[ 
https://issues.apache.org/jira/browse/GEODE-9615?page=com.atlassian.jira.plugin.system.issuetabpanels:comment-tabpanel&focusedCommentId=17545161#comment-17545161
 ] 

ASF subversion and git services commented on GEODE-9615:
--------------------------------------------------------

Commit 6a0e744f1cbcca75c2a5a5b6465f010a3f135a8c in geode's branch 
refs/heads/support/1.15 from Kirk Lund
[ https://gitbox.apache.org/repos/asf?p=geode.git;h=6a0e744f1c ]
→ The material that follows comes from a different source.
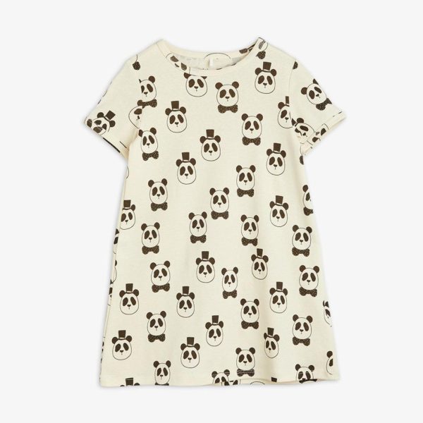 Off white dress with all over Panda print, made from 100 % GOTS certified organic cotton. The dress has snap buttons at the shoulder in the smallest sizes (56/62–68/74) for easy dressing.
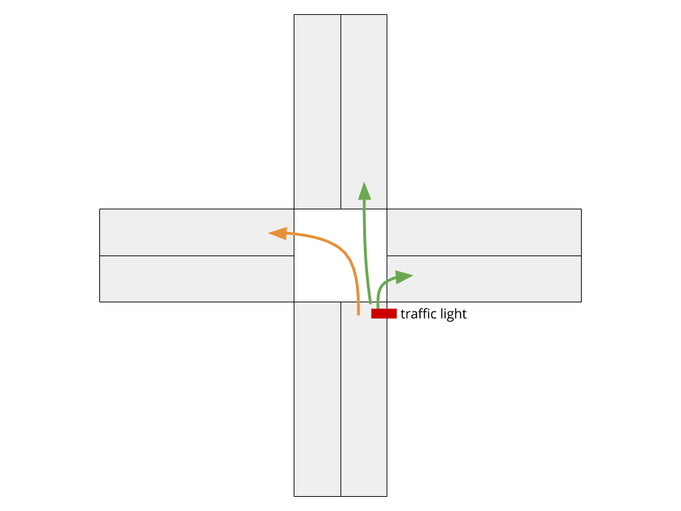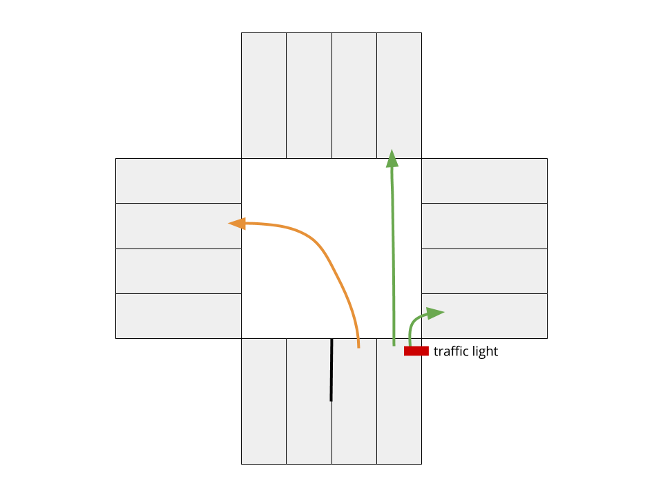 • The destination of each car is different. The left-turn takes more time, since it may collide with the cars from the opposite direction.

GEODE-10327: Overhaul GfshRule to kill processes and save artifacts (#7731)

PROBLEM

Tests that use GfshRule leave behind orphaned processes and do not save
artifacts for debugging failures.

SOLUTION

GfshRule needs to cleanup all processes it forks. It also needs to save
off all runtime artifacts such as logging, stats, pid files, diskstores
to enable debugging of test failures.

DETAILS

Enhance GfshRule and modify all tests using it for proper debugging and
to prevent test pollution.

Overhaul of GfshRule:

* kill ALL geode processes during cleanup
* use FolderRule to ensure all logs and files are properly saved off
  when a test fails
* extract GfshExecutor from JUnit rule code
* GfshExecutor allows a test to use any number of Geode versions with
  just one GfshRule
* add Gfsh log level support for easier debugging
* add support for new VmConfiguration to allow control over Geode and
  Java versions
* overhaul API of GfshRule and companion classes for better consistency
  and design

New FolderRule:

* replaces TemporaryFolder and saves off all content when a test fails
* creates root directory under the gradle worker instead of under temp

Update HTTP session caching module tests:

* use new FolderRule to save all artifacts when a test fails
* use nio Paths for filesystem variables

Update acceptance and upgrade tests that use GfshRule:

* use new improved GfshRule and GfshExecutor
* use new FolderRule instead of TemporaryFolder to save all artifacts
  when a test fails
* use --disable-default-server in tests with no clients
* fix flakiness of many tests by using random ports instead of default
  or hardcoded port values
* reformat GfshRule API usage in tests to improve readability and
  consistency
* add GfshStopper to provide common place to await process stop (stop
  locator/server is async so restarting with same ports is very prone
  to hitting BindExceptions)

Update ProcessUtils:

* extract NativeProcessUtils and make it public for direct use
* rename InternalProcessUtils as ProcessUtilsProvider and move to its
  own class
* rethrow IOExceptions as UncheckedIOExceptions
* fix flakiness in NativeProcessUtilsTest by moving findAvailablePid
  into test method

Minor changes:

* improve code formatting and readability
* convert from old io File to nio Path APIs as much as possible
* close output streams to fix filesystem issues on Windows

Fixes flaky test tickets:

* DeployJarAcceptanceTest GEODE-9615
* possibly other tests that uses GfshRule

Changes for resubmit:

* log error message if unable to delete folder

NOTES

The jdk8, jdk17 and windows labels were used to run tests on more
environments.

This PR contains mostly test and framework changes. The only product
code altered is ServerLauncher and several classes in
org.apache.geode.internal.process, all of which is in geode-core.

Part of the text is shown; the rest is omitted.